### Work item
Could you retype exactly the lines below between the one holding "durable and reliable." and the one holding "The fabricated crossmember", inclusive, leaving out any pictures?

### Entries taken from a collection
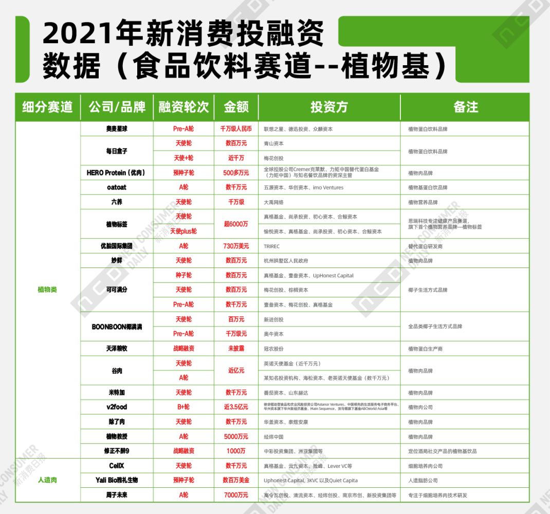当然,即使植物肉看似在中国“行不通”,但植物基的过亿融资项目都是植物肉,一个是「谷肉」一年完成总计近亿元的两轮融资;一个则是「v2food」,B+轮融资拿下近3.5亿元。
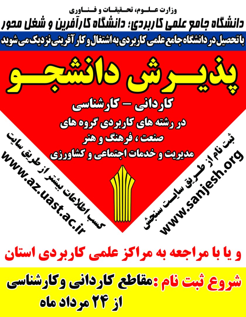 پذیرش دورههای کاردانی و کارشناسی (ناپیوسته) مهرماه سال ۱۴۰۰ دانشگاه جامع علمی کاربردی آغاز شد
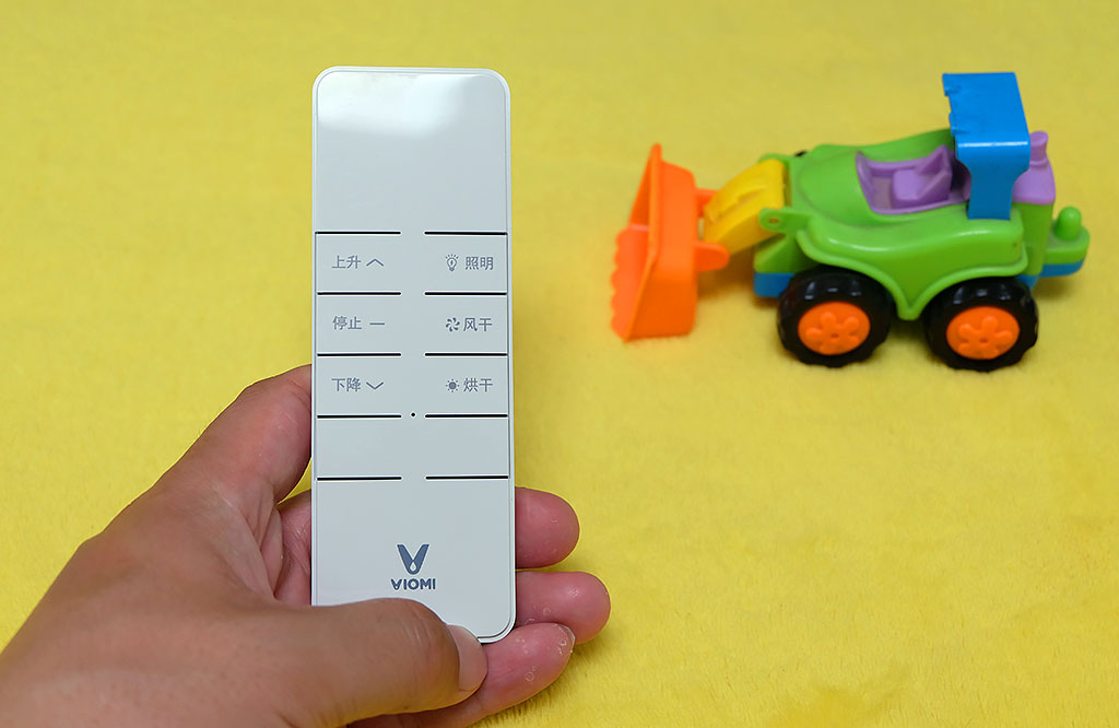 云米的这款晾衣机不仅支持专用遥控器控制,同时还支持米家APP、云米商城APP控制,操控方面非常灵敏。遥控器上设计了上升、停止、下降、照明、风干、烘干等几大功能,遥控器中间部位设有遥控指示灯,通过指示灯状态就可以判断遥控情况或剩余电量。
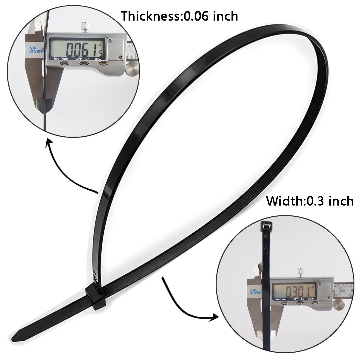 • Durability: With a 0.06in/1.5mm thickness and 0.3in/7.5mm width(national standards), professional heavy duty cable ties' tensile strength is 175LBS, durable and reliable.
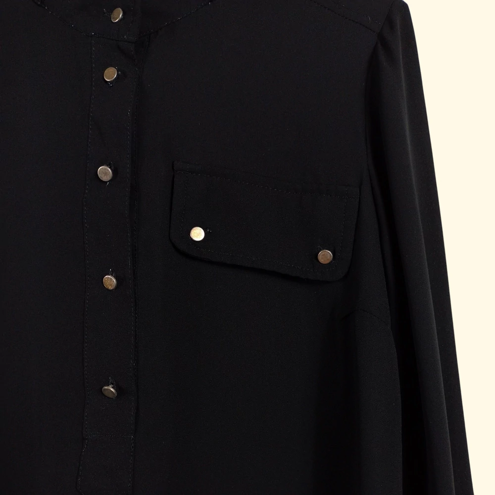 Elején gombos, áttetsző anyagú, pöttyös női blúz
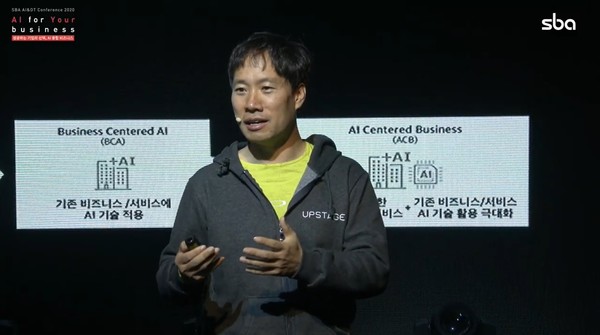 김성훈 업스테이지 대표 겸 홍콩과기대 교수가 AI 활용 디지털트랜스포메이션을 고민하는 기업들에게 노하우를 전달했다. 김성훈 교수는 14일 SBA AI&DT 컨퍼런스 2020서 '비즈니스 중심 AI에서 AI중심 비즈니스로'라는 주제로 발표를 진행했다.
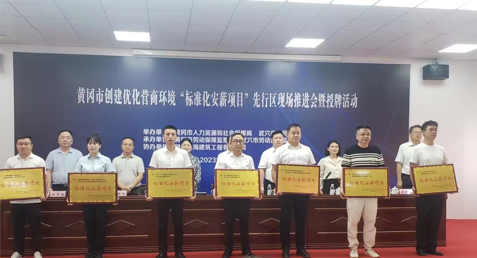 8月17日,在武穴市经开区举行黄冈市创建优化营商环境“标准化安薪项目”先行区现场推进会暨授牌活动,公司武穴水厂项目被授予“标准化安薪项目”。会议由黄冈市人力资源和社会保障局与武穴市人民政府联合举办,目的是为表彰符合《湖北省工程建设领域劳动用工规范化管理指导手册(第一版)》的优秀在建工程项目,同时为迎接下一阶段国务院根治欠薪工作检查做出部署。
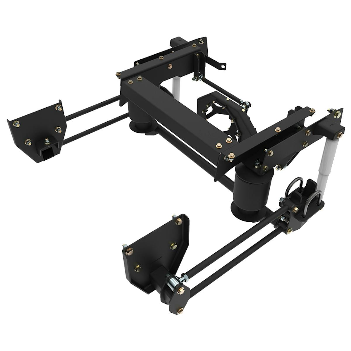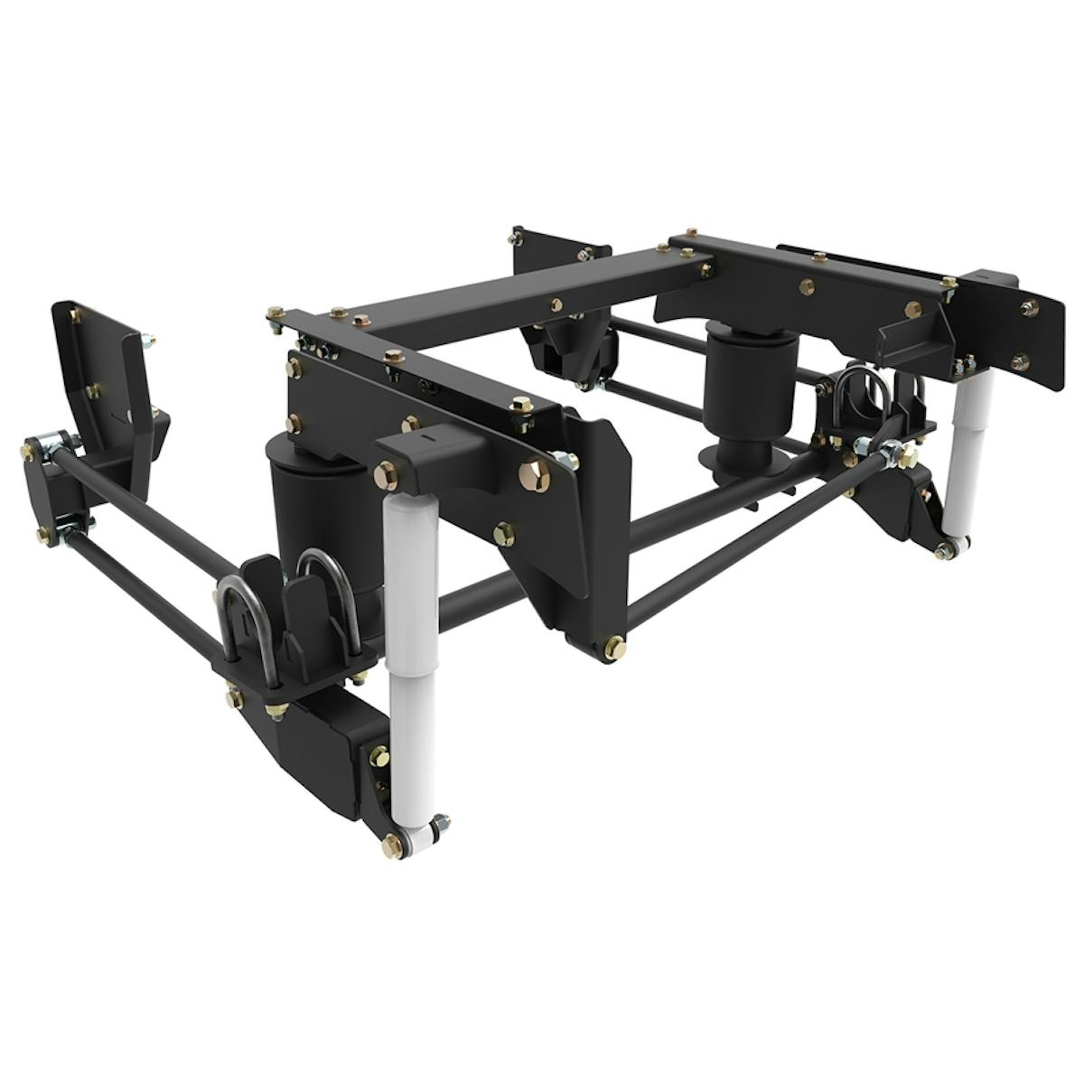 The fabricated crossmember integrates reinforced mounts for all suspension components and when bolted together, completely captures the stock-frame channel to form a larger and stronger section of the frame.
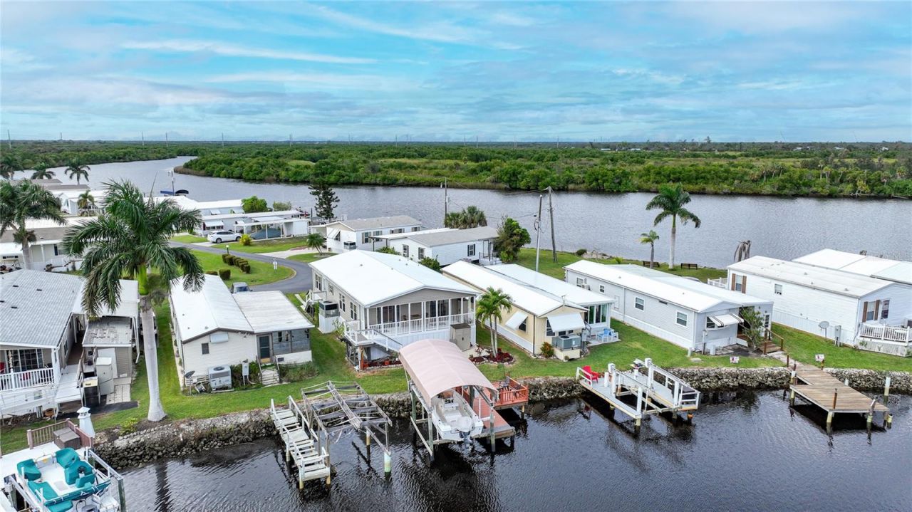 Welcome to waterfront living at its finest in Lazy Lagoon, a vibrant 55+ community! This elevated home boasts quick boating access and is a true gem for those seeking a serene and active lifestyle. As you approach, you'll ascend composite stairs to the inviting entry of this meticulously designed residence. Inside, discover a well-appointed floor plan featuring two bedrooms, a versatile den, a formal living area, a cozy family room, a charming dining room, and a practical galley kitchen. The master bedroom is a tranquil retreat, seamlessly connecting to the den and a private master bathroom. The spacious walk-in closet adds a touch of luxury, providing ample space for all your wardrobe needs. Step outside to your own waterfront oasis. A large porch awaits, perfectly positioned to capture stunning views of the water inlet. The dock beckons boating enthusiasts, complemented by a convenient boat lift and lift cover for hassle-free watercraft storage. Whether you're enjoying a quiet evening on the porch or setting sail for a leisurely boat ride, this waterfront home offers the perfect blend of comfort and recreation. Embrace the Lazy Lagoon maintenance free lifestyle - where every day feels like a vacation. Your dream waterfront retreat awaits!

### Answer to this exercise
 • Durability: With a 0.06in/1.5mm thickness and 0.3in/7.5mm width(national standards), professional heavy duty cable ties' tensile strength is 175LBS, durable and reliable.
 Elején gombos, áttetsző anyagú, pöttyös női blúz
 김성훈 업스테이지 대표 겸 홍콩과기대 교수가 AI 활용 디지털트랜스포메이션을 고민하는 기업들에게 노하우를 전달했다. 김성훈 교수는 14일 SBA AI&DT 컨퍼런스 2020서 '비즈니스 중심 AI에서 AI중심 비즈니스로'라는 주제로 발표를 진행했다.
 8月17日,在武穴市经开区举行黄冈市创建优化营商环境“标准化安薪项目”先行区现场推进会暨授牌活动,公司武穴水厂项目被授予“标准化安薪项目”。会议由黄冈市人力资源和社会保障局与武穴市人民政府联合举办,目的是为表彰符合《湖北省工程建设领域劳动用工规范化管理指导手册(第一版)》的优秀在建工程项目,同时为迎接下一阶段国务院根治欠薪工作检查做出部署。
 The fabricated crossmember integrates reinforced mounts for all suspension components and when bolted together, completely captures the stock-frame channel to form a larger and stronger section of the frame.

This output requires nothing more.